Pour l’instant, il faut donc encore attendre un régime coordonné, et les ressortissants des pays tiers doivent disposer tant d’un permis de travail (ou d’une dispense de celui-ci - voir à ce sujet notre précédent article) que d’un permis de séjour, et ceux-ci doivent être demandés par le biais de procédures séparées. Nous rappelons à ce sujet que c’est l’employeur (ou son mandataire) qui doit d’abord demander le permis de travail auprès de l’autorité régionale compétente. C’est uniquement lorsque ce permis de travail a été délivré que le ressortissant de pays tiers peut demander un visa (au poste diplomatique belge à l’étranger) ou un permis de séjour (à la commune belge, s’il séjourne déjà légalement en Belgique).

Bien entendu, l’occupation auprès de l’employeur sur le territoire belge ne peut dans tous les cas commencer que lorsque le permis de travail a effectivement été délivré. C’est une erreur parfois commune mais dangereuse de penser que le dépôt de la demande de permis de travail suffirait. Si l’occupation commence déjà au moment de la demande (ou avant), on risque toujours que la demande soit refusée sur cette base, et l’employeur peut même se voir infliger des sanctions pénales ou administratives.

Dans la pratique, cette erreur se rencontre principalement dans le cadre de l’occupation de personnes qui, au moment de leur recrutement, séjournent déjà légalement en Belgique (par exemple en tant qu’étudiants de l’enseignement supérieur). Toutefois, il faut à leur égard également distinguer le droit de séjour et le droit de mise au travail : ce n’est pas parce que quelqu’un séjourne légalement en Belgique qu’il peut automatiquement aussi travailler pour tout employeur.

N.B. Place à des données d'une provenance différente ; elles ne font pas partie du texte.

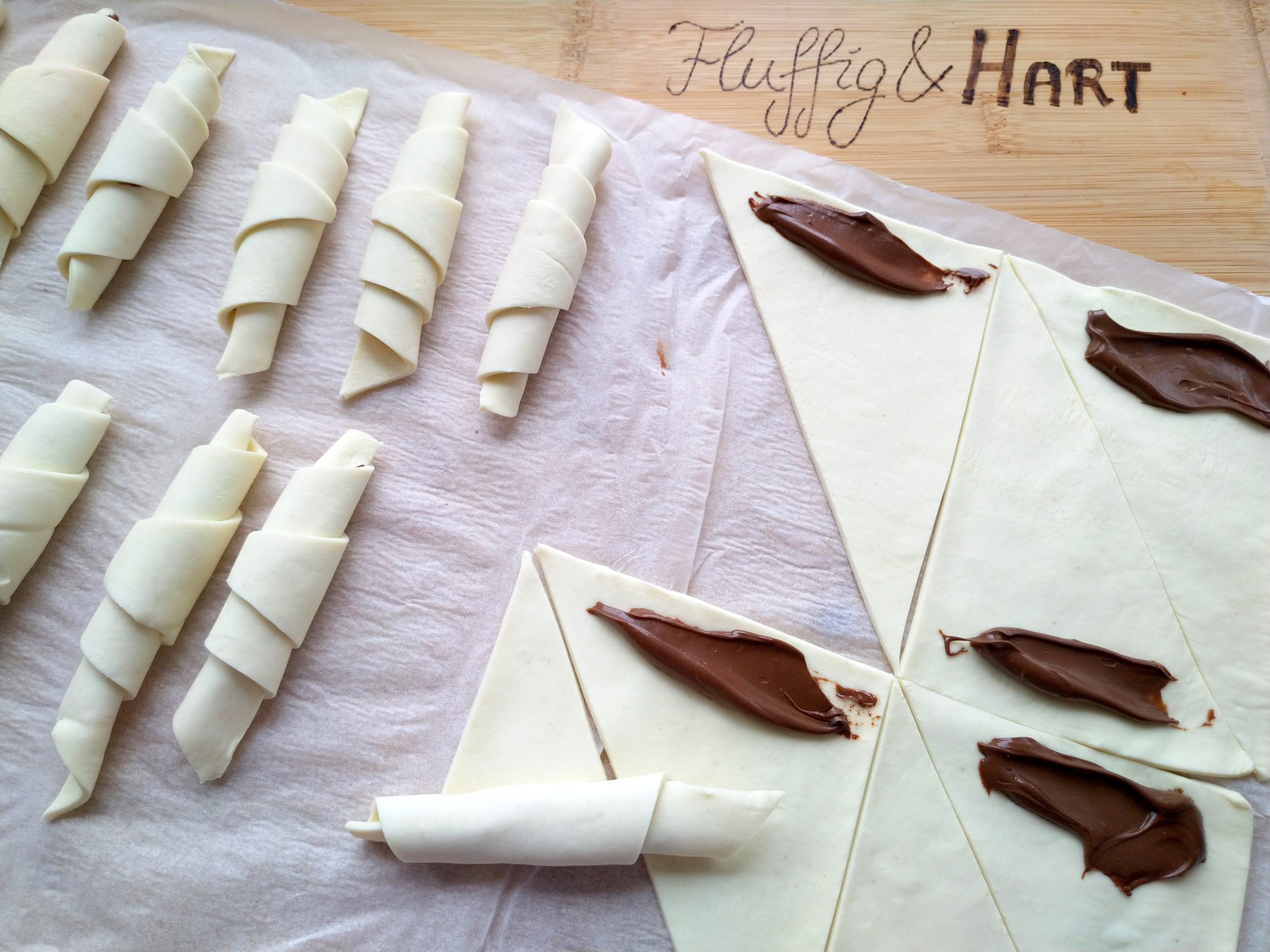 Zimmerwarmes Nutella jeweils an die kurze Kante streichen und zu einem Croissant aufrollen.

Il faut donc toujours contrôler si une dispense de permis de travail est d’application, et si ce n’est pas le cas, il faut préalablement demander un permis de travail.

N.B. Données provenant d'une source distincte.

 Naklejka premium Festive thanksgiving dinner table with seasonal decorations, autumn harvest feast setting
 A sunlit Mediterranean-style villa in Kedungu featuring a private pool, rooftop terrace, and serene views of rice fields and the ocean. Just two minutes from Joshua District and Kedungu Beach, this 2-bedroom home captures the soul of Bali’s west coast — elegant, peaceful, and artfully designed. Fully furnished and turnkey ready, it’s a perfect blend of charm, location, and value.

Lors de la demande de permis de travail, il faut notamment soumettre une copie signée du contrat de travail. Afin d’éviter les problèmes si le permis de travail est finalement refusé, il est souvent conseillé d’inclure une condition suspensive et résolutoire dans le contrat de travail. La condition suspensive implique que l’occupation ne commencera pas avant le moment où le travailleur disposera du permis de travail et du visa ou du permis de séjour nécessaires, tandis que que la condition résolutoire prévoit que si ces documents ne sont pas reçus pour une date déterminée, le contrat de travail prend fin de plein droit, sans délai ni indemnité de préavis. Pour être valables, il est important que ces conditions soient formulées soigneusement.

En résumé : la procédure pour accueillir un ressortissant d’un pays tiers n’est pas toujours simple, et la question se pose encore de savoir ce que les modifications législatives attendues signifieront en 2018. Dans de nombreux cas, il est cependant tout à fait possible de recruter un ressortissant d’un pays tiers dans le respect de la procédure, en particulier s’il s’agit de profils élevés.